## Data shown
╭──

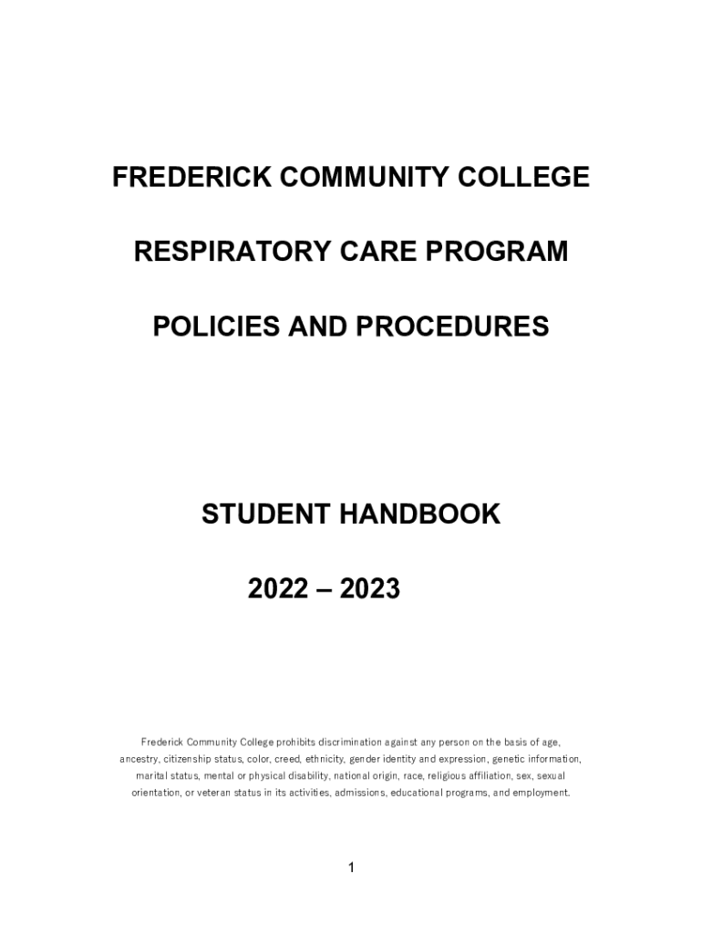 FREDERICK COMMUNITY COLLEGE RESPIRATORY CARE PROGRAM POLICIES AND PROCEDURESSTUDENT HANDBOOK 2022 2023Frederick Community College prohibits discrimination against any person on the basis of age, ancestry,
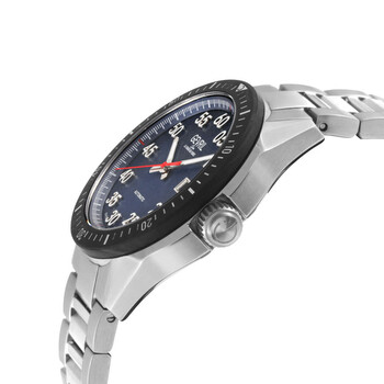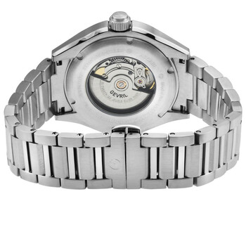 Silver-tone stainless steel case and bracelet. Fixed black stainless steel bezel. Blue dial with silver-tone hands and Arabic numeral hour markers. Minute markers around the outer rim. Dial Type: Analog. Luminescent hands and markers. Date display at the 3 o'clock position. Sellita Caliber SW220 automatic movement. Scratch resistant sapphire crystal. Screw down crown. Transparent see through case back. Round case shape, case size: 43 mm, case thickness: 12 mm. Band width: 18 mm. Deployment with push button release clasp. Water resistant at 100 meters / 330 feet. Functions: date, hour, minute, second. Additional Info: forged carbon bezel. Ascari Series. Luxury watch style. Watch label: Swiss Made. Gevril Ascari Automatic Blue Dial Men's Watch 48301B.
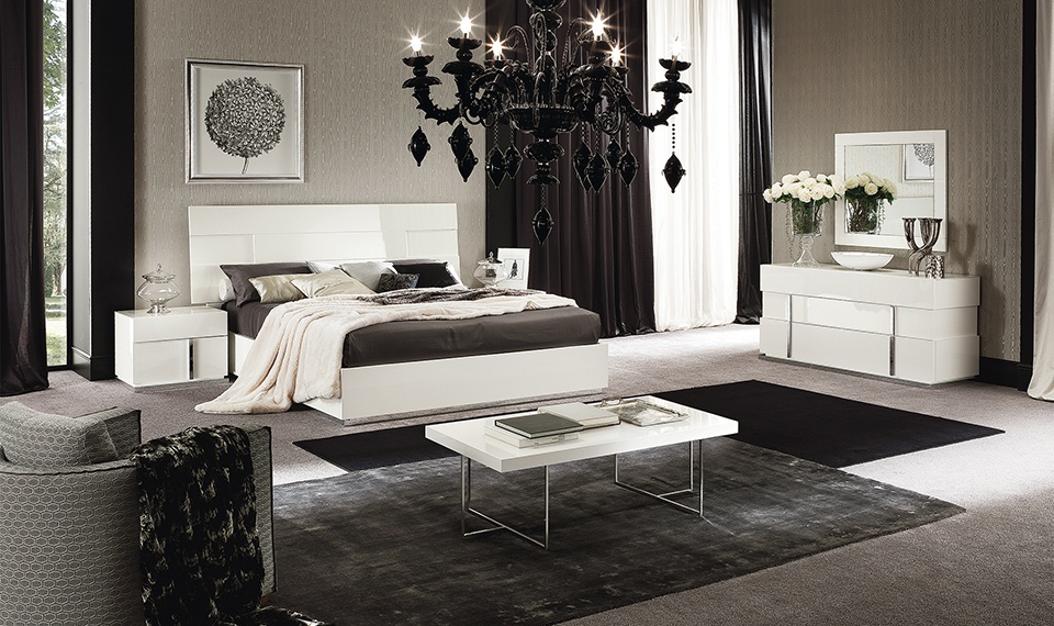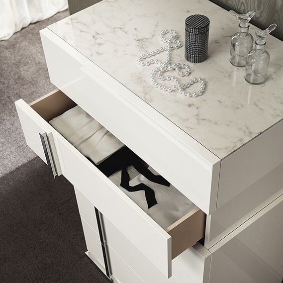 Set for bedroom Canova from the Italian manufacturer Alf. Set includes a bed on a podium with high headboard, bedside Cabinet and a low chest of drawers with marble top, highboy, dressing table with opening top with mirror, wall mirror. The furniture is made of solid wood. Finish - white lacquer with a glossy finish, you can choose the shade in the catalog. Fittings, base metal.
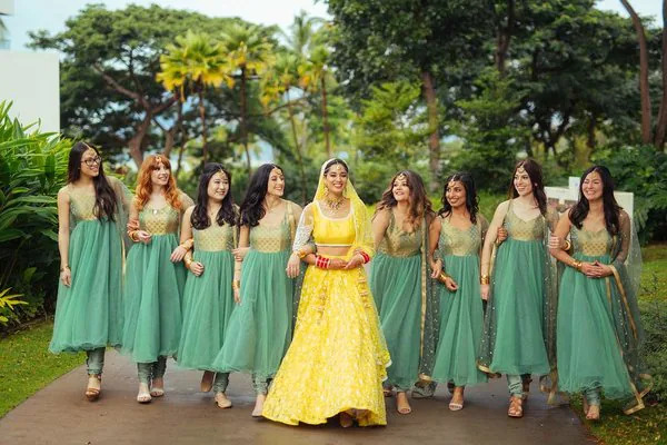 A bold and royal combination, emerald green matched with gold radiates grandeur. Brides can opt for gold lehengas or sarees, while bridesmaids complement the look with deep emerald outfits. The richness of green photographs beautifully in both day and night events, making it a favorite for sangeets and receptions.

╰──

## What you should do
With pictures omitted, copy exactly the lines from the one containing "Set for bedroom" through the final line of the listing, both included.

## Problem solution
 Set for bedroom Canova from the Italian manufacturer Alf. Set includes a bed on a podium with high headboard, bedside Cabinet and a low chest of drawers with marble top, highboy, dressing table with opening top with mirror, wall mirror. The furniture is made of solid wood. Finish - white lacquer with a glossy finish, you can choose the shade in the catalog. Fittings, base metal.
 A bold and royal combination, emerald green matched with gold radiates grandeur. Brides can opt for gold lehengas or sarees, while bridesmaids complement the look with deep emerald outfits. The richness of green photographs beautifully in both day and night events, making it a favorite for sangeets and receptions.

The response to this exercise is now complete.